Enderson Araujo is a 21-year-old who grew up in Sussuarana, one of the dangerous favelas still plagued by the drug trade that swallows a lot of the young people. However, a media workshop that taught young black people communication technology and the importance of communication changed his whole life. Inspired by the power of finding a voice through communication, Enderson went on to start a weekly community newspaper called Midia Periferica.

Periferia refers to favelas that often exist at the periphery of cities often physically and also metaphorically when it comes to provision of civic amenities. Midia Periferica was meant to give voice to the periferia or favelas. "After the media workshop by the Institute of Ethnic Media, where they talked about the right to communication, I thought about the situation in my community and all its problems. I decided that we needed to give a voice to the community as the traditional mainstream media only showed the drugs, violence and police action here. That's not all that is there to favelas. It is also a place where people live and work and I felt the need to show the positive things too," explains Enderson.

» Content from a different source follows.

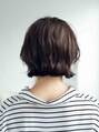 首半分くらいのワンレングスボブにトップだけレイヤーの入れたスタイル。ネープの毛量をしっかりとって、くびれやすくしました。カラーは軽さが出るようにダブルカラーで透明感のあるアッシュベージュに染めました。【稲毛】
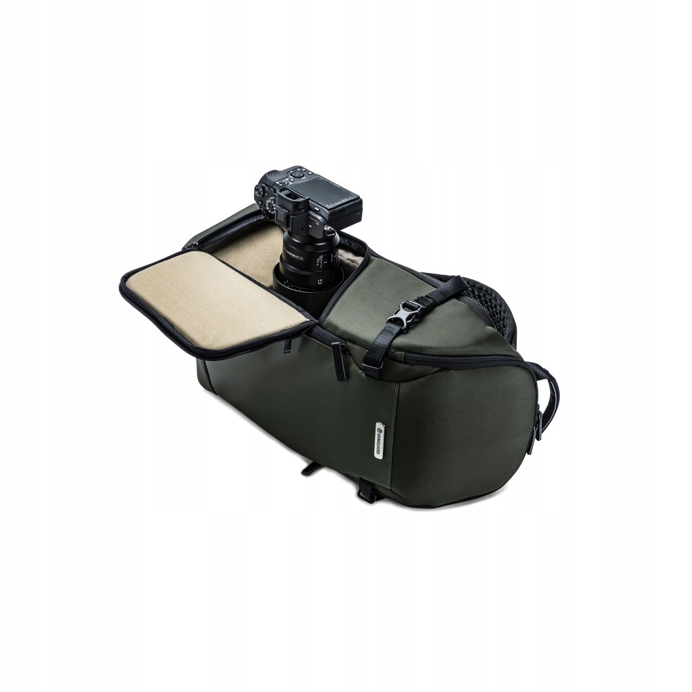 VEO SELECT 46 BRto plecak zmieniający się bez wysiłku z pełnego plecaka otwieranego od tyłu w plecak z dostępem dla osób prawo- lub leworęcznych. Skorzystaj z łatwego dostępu od góry do aparatu z dłuższym obiektywem, gdy pracujesz z pełną konfiguracją sprzętu. Smukły, opływowy wygląd jest połączony z wytrzymałą ochroną, a plecak z łatwością zabezpieczy lustrzankę cyfrową z zamocowanym obiektywem, 3-5 dodatkowych obiektywów (do 70-200 mm f/2,8), lampę błyskową i akcesoria. Początkowy układ przegródek jest skonfigurowany jako plecak na co dzień, z dostępem do górnej trzeciej części przez zapinany na zamek otwór. Jednak przegrody można łatwo skonfigurować w celu pełnego wykorzystania sprzętu i wygodnego dostępu od góry dla aparatu z zamocowanym teleobiektywem.

Midia Pereferica started by telling stories from the favelas on social media like facebook. "Everything started with just a cellphone to access the internet and social networks where stories were told. Pay 50 cents and you get internet connection for the whole day. Slowly even the traditional media started using our stories and talking to us as sources and even asking us to write for them. We might not have high education, but we communicate in our own way," says Enderson who had discontinued his studies to work to help his family. He is now studying to complete the final year of high school.

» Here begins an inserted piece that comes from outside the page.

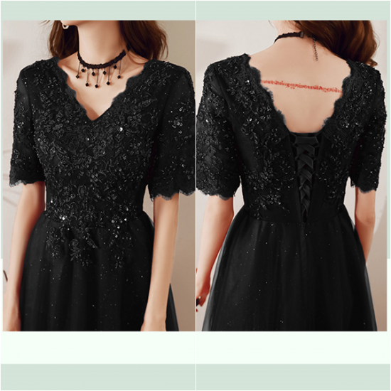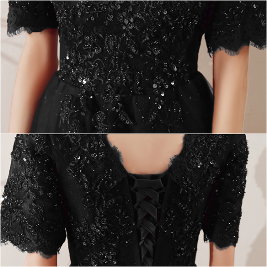 ドレス 刺繍 スパンコール ブラックドレス スカラップレース 背面レースアップ 可憐 すらり見せ スタイルアップ 結婚式 二次会 お呼ばれ

The weekly newspaper was started when they realized that the reach of social networks was limited to just the people with internet access. The newspaper is just two sides of an A4 size sheet designed using Word software, photos clicked with cellphone cameras and a 100 copies printed on a laserjet printer in the backroom of a shop, which serves as the office of Midia Periferica. The 100 copies are distributed free in Sussuarana. "We have started getting advertisements from local businesses and that is keeping us going for now. The secretary for affirmative action of Salvador has also promised us funding," says Enderson, who is reporter, editor, publisher all rolled into one. A group of like-minded young people from the favela is also part of this venture now.

Midia Periferica draws attention to problems of bad roads, lack of health facilities, poor garbage collection and inadequate public transport facilities, problems of everyday life in Sussuarana, which mainstream media, with its one dimensional focus on drugs and violence in favelas, is said to ignore.

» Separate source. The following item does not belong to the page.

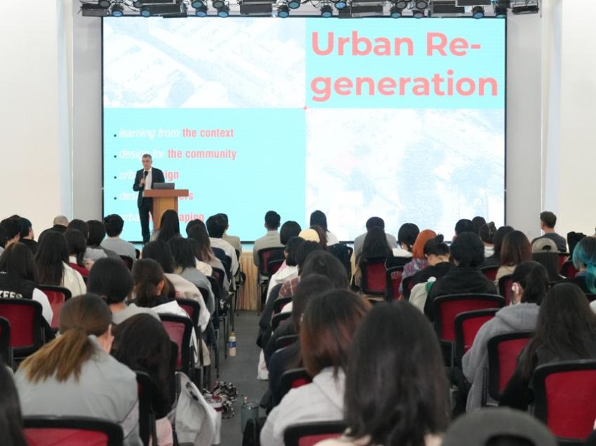 Alessandro Casadei教授做了城市更新主题讲座,以意大利城市更新实践为基础,探讨在应对城市化及社会多样性挑战的过程中,逐步将创新驱动、社区参与和文化传承作为城市更新的关键要素。他提出“五维设计法则”:在地语境中汲取灵感,强调城市设计需与历史、地理深度对话;以社区共创激活公共性,让市民成为空间运维的“共同作者”;打破尺度界限,通过宏观规划联动碎片化项目;将使用者视为公民,兼顾社会学、经济与人口变迁需求;将气候治理融入景观设计,构建韧性城市。他最后强调,城市不是建筑的集合,而是关系的网络。中国可探索本土化路径——将意大利“渐进式更新”思维与智慧城市技术结合,在高速发展中留存人文温度。

Moving beyond Sussuarana, Midia Periferica is trying to forge ties with other favelas across the city. Enderson and his group are constantly innovating and coming up with new ideas to give voice to the favelas. The latest is called Postcards from the Periphery where people from favelas send in their favourite images clicked in their favelas. The relatively recent project has already yielded some stunning images of favelas encouraging an entirely different way of looking at these spaces teeming with people.

Questioning the consolidation of mainstream media ownership in Brazil, Enderson and his group work to promote the democratisation of communication made possible by the internet and argue for greater plurality of voices in the media. Today, Enderson, a confident and tech savvy communicator, has come a long way from where he started two years back. He is one of the coordinators of a National Network of Adolescents and Young Communicators who appears frequently on television shows and address meetings in Rio and Brasilia on the right to communication, an inspiration for youth in favelas across the country.